## RECORDS FOR PROCESSING
=======
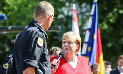 German Chancellor Angela Merkel (R) talks with a policeman during the German Federal Government Open Day in Berlin, Germany, on Aug. 18, 2019. (Xinhua/Shan Yuqi)
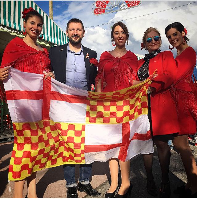 Miguel Martínez, presidente de la Plataforma por Tabarnia, ha visitado la Feria de Abril de Cataluña, en el barcelonés recinto del Fórum, con una delegación de esta entidad constitucionalista.
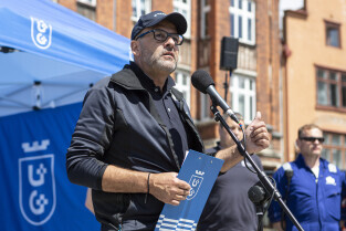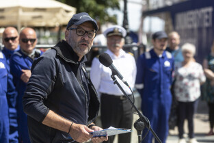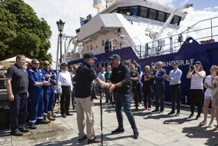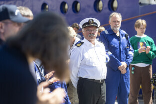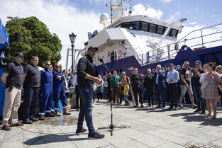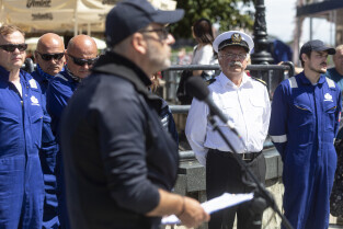 Gdańsk. Na nabrzeżu w pobliżu Targu Rybnego odbyło się uroczyste powitanie powracającego z rejsu statku badawczego Uniwersytetu Gdańskiego "Oceanograf". Nz. Oleksandr Plodystyi, Konsul Generalny Ukrainy w Gdańsku.
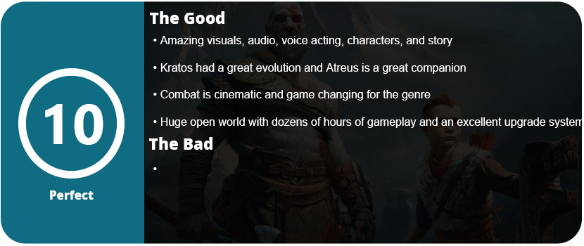 Overall, God of War is the single best game to be released this entire console generation cycle. This is what we needed more of from every console maker. It took Sony too long as it was, but here we have it. The game is literally perfect, and I can’t think of any flaws in God of War that are detrimental to the overall game. I could say the game is too hard in spots, but that’s because I ventured too far too early and needed to come back later. I could say there are a lot of hidden items and they are hard to find, but I need to explore more and look more carefully. I could say that the story is too short and the lower amount of epic bosses is what made God of Warand hurts the game, but it just doesn’t. God of War is the best game I have played in the past 10 years, and many other developers need to take note.
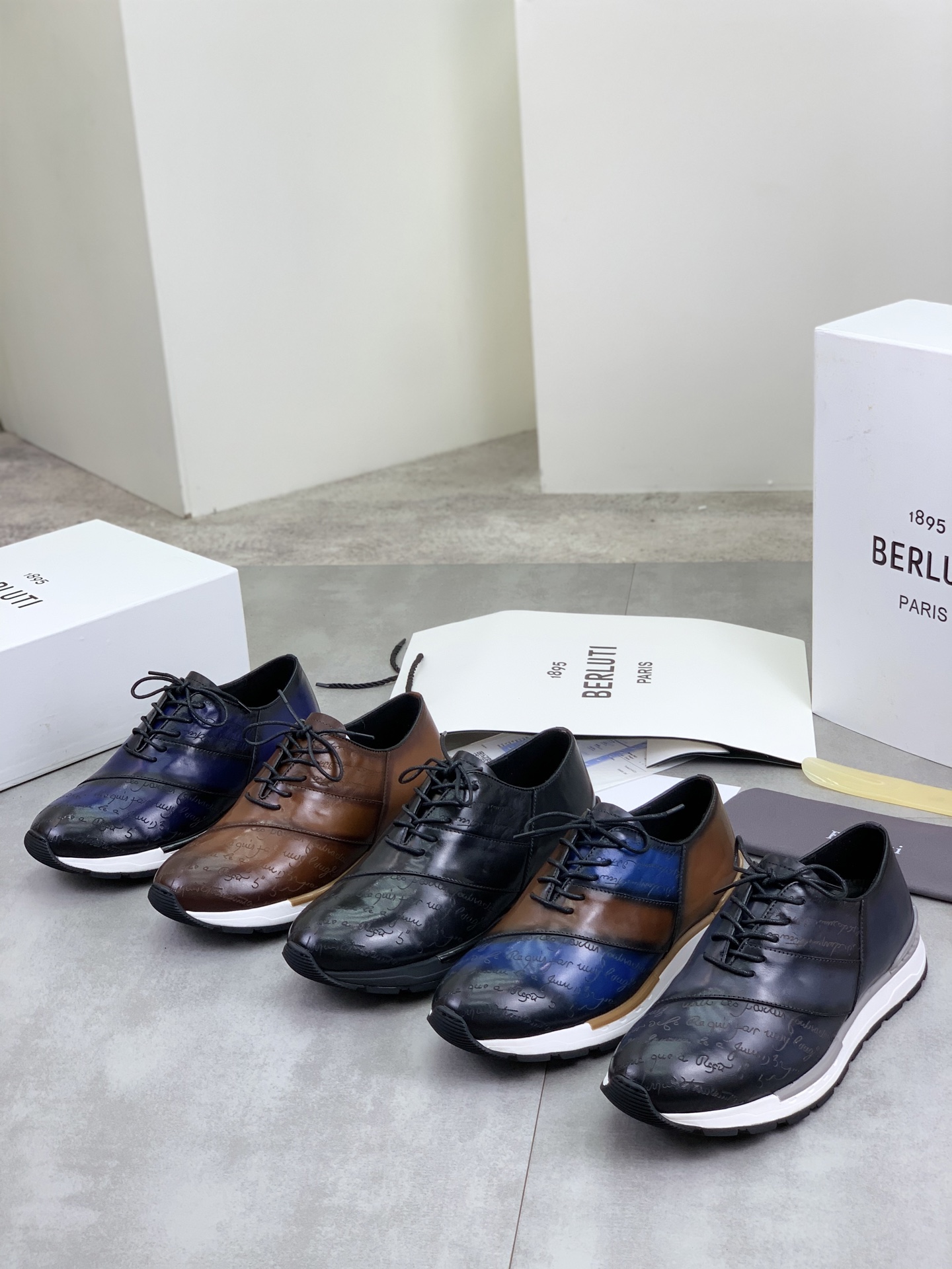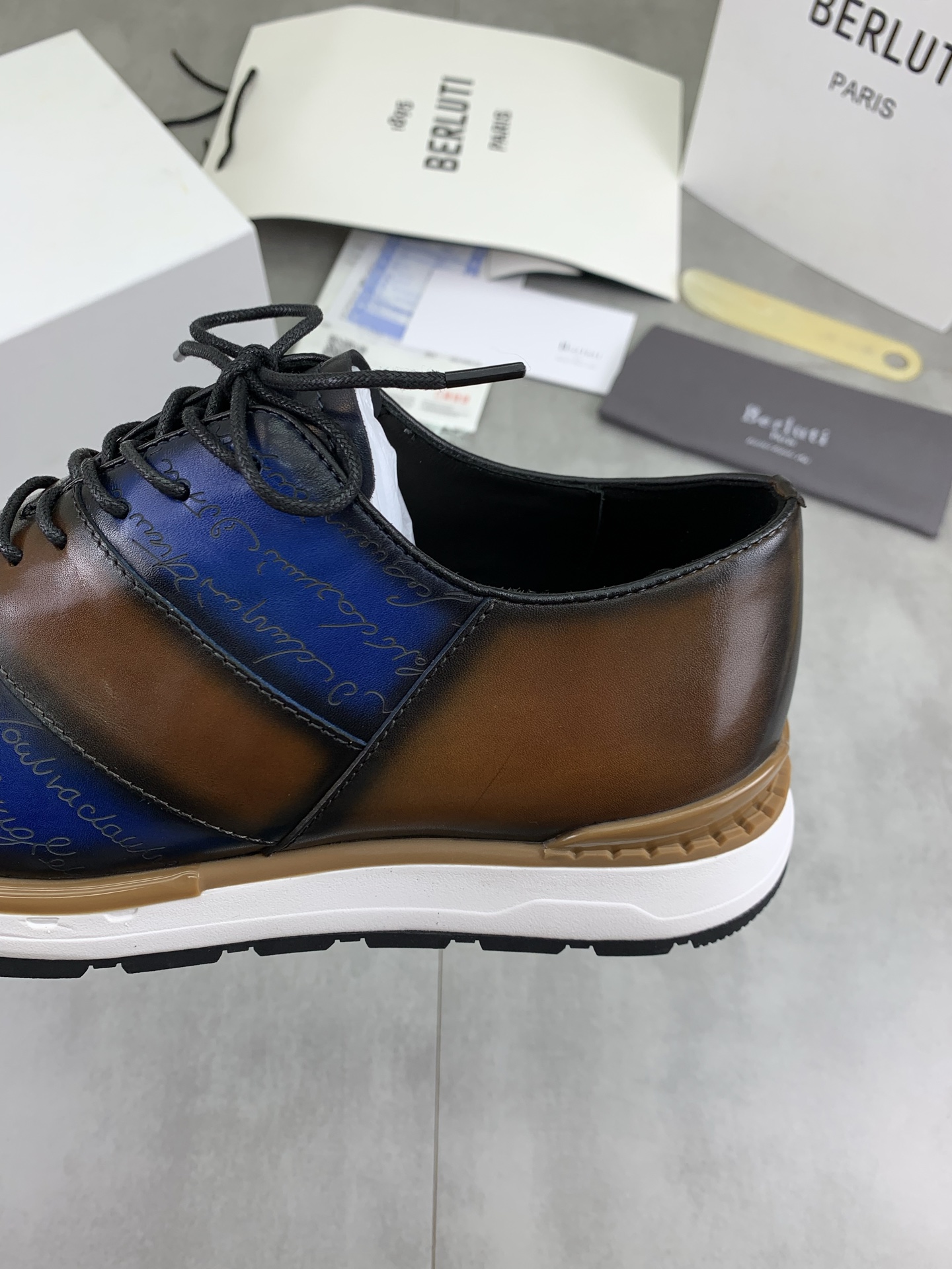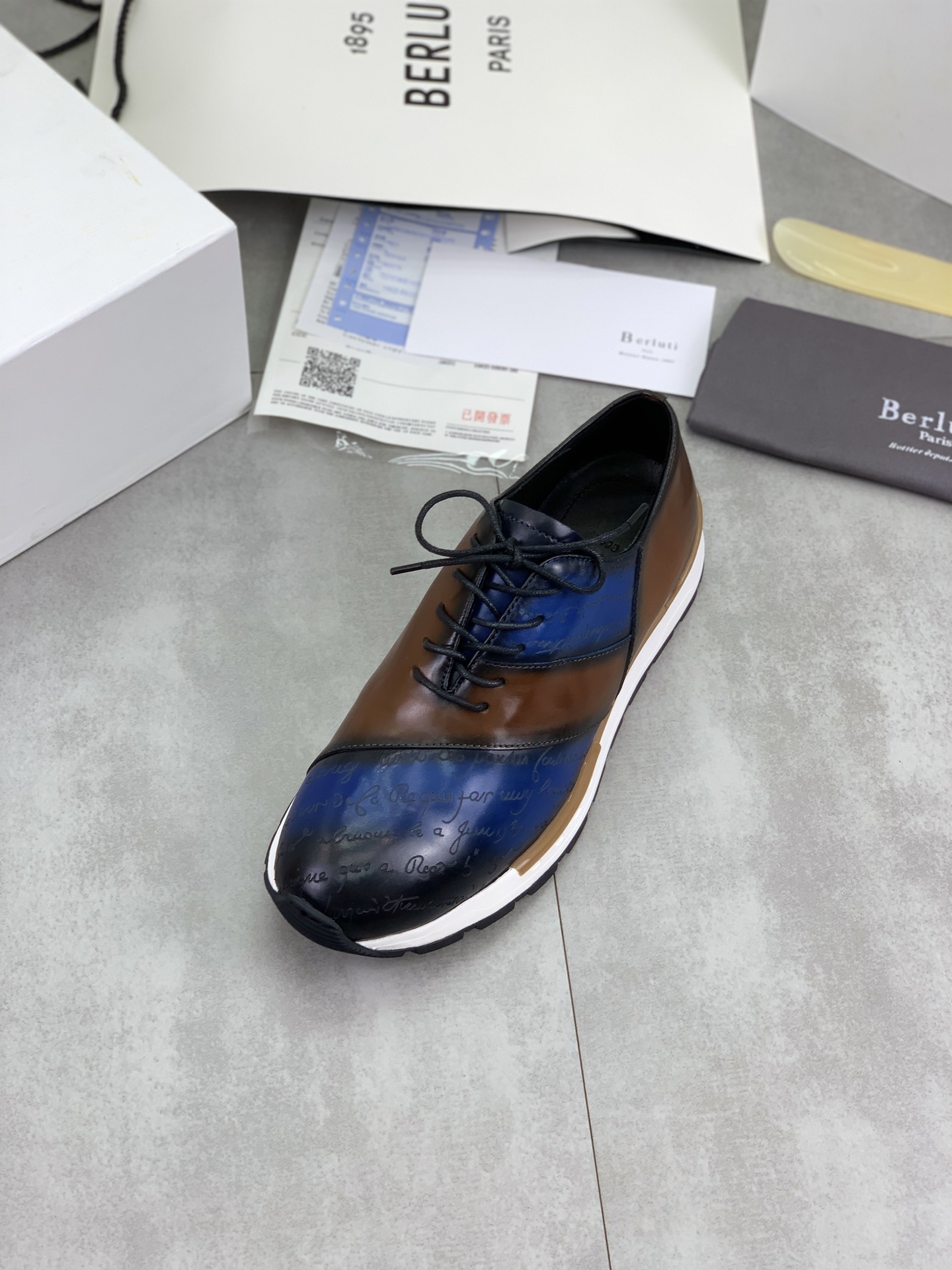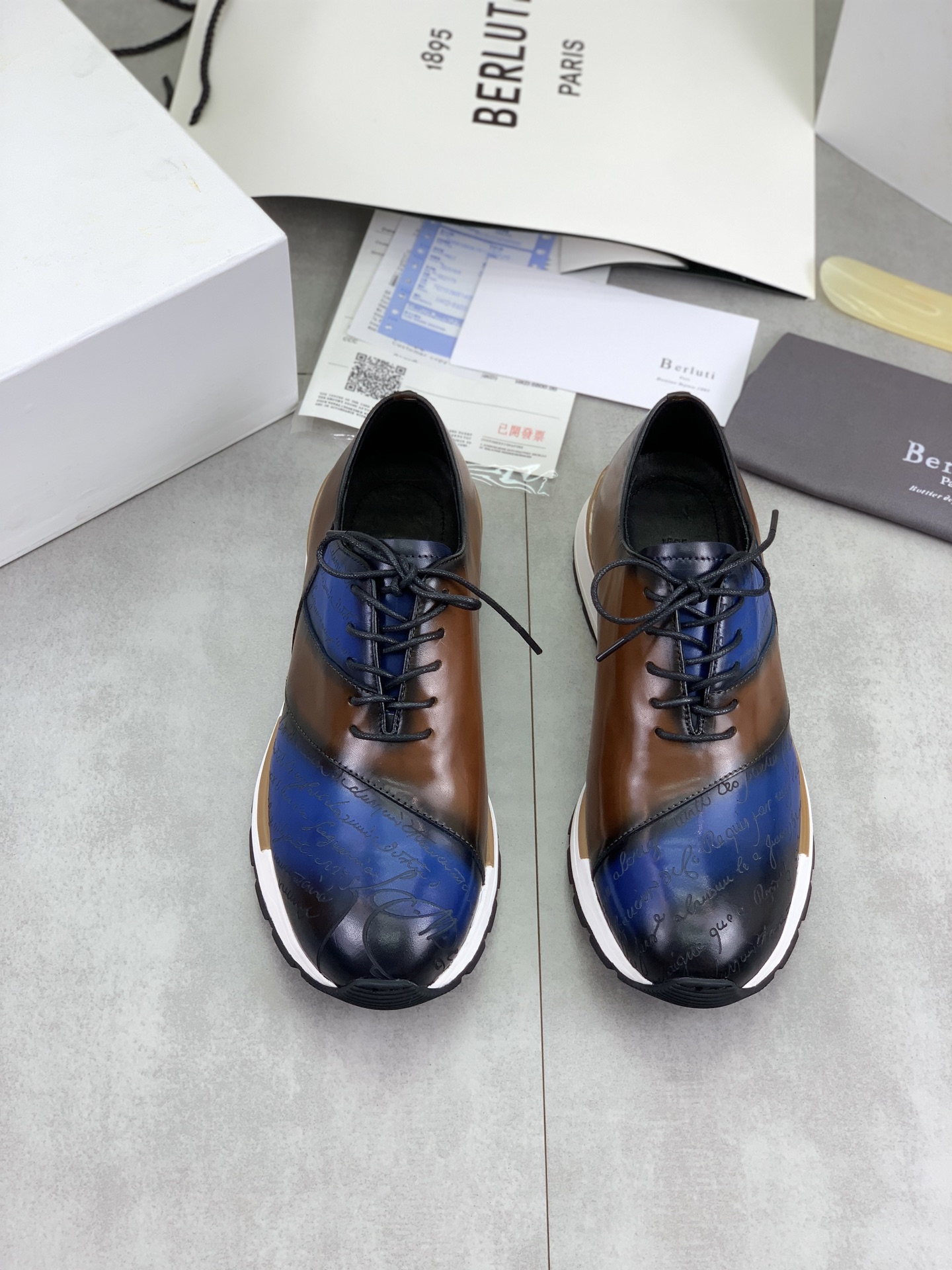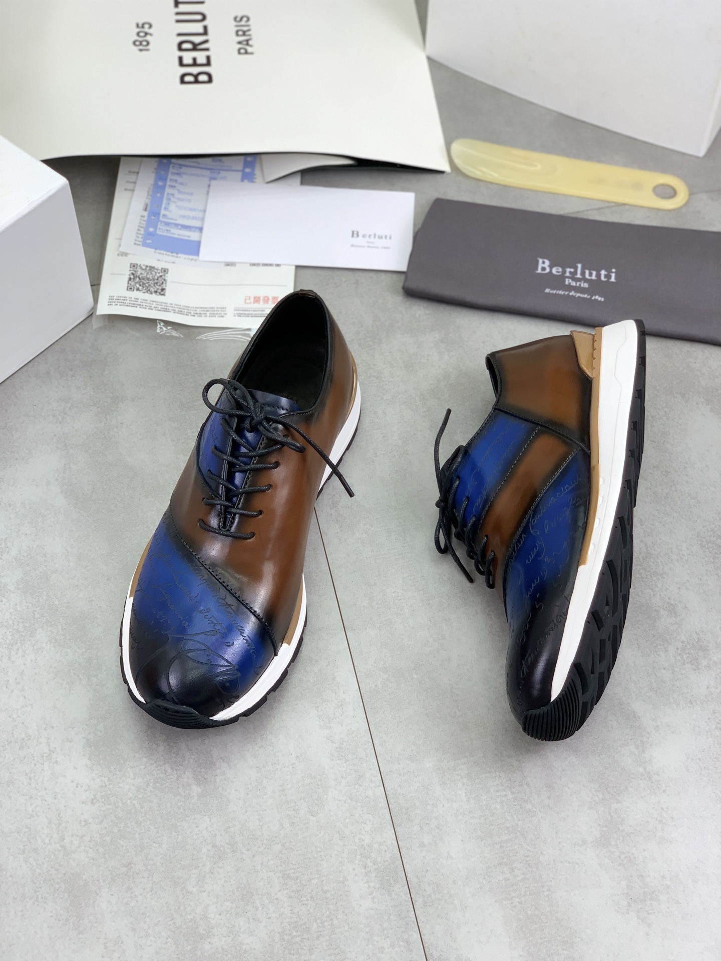 这款鞋子是AAAAA 1:1 质量 (非常棒). 使用了和原版一模一样的材料. 商标部分也保持了和Berluti一样. 图片拍摄是实物鞋子拍摄, 您所收到的实物保证和我们图片一模一样.
=======
## EXERCISE DETAILS
All lines from the beginning of the entries above to the line containing "Gdańsk. Na nabrzeżu", inclusive, should be printed exactly, apart from the pictures.

## RESPONSE TO THE TASK
 German Chancellor Angela Merkel (R) talks with a policeman during the German Federal Government Open Day in Berlin, Germany, on Aug. 18, 2019. (Xinhua/Shan Yuqi)
 Miguel Martínez, presidente de la Plataforma por Tabarnia, ha visitado la Feria de Abril de Cataluña, en el barcelonés recinto del Fórum, con una delegación de esta entidad constitucionalista.
 Gdańsk. Na nabrzeżu w pobliżu Targu Rybnego odbyło się uroczyste powitanie powracającego z rejsu statku badawczego Uniwersytetu Gdańskiego "Oceanograf". Nz. Oleksandr Plodystyi, Konsul Generalny Ukrainy w Gdańsku.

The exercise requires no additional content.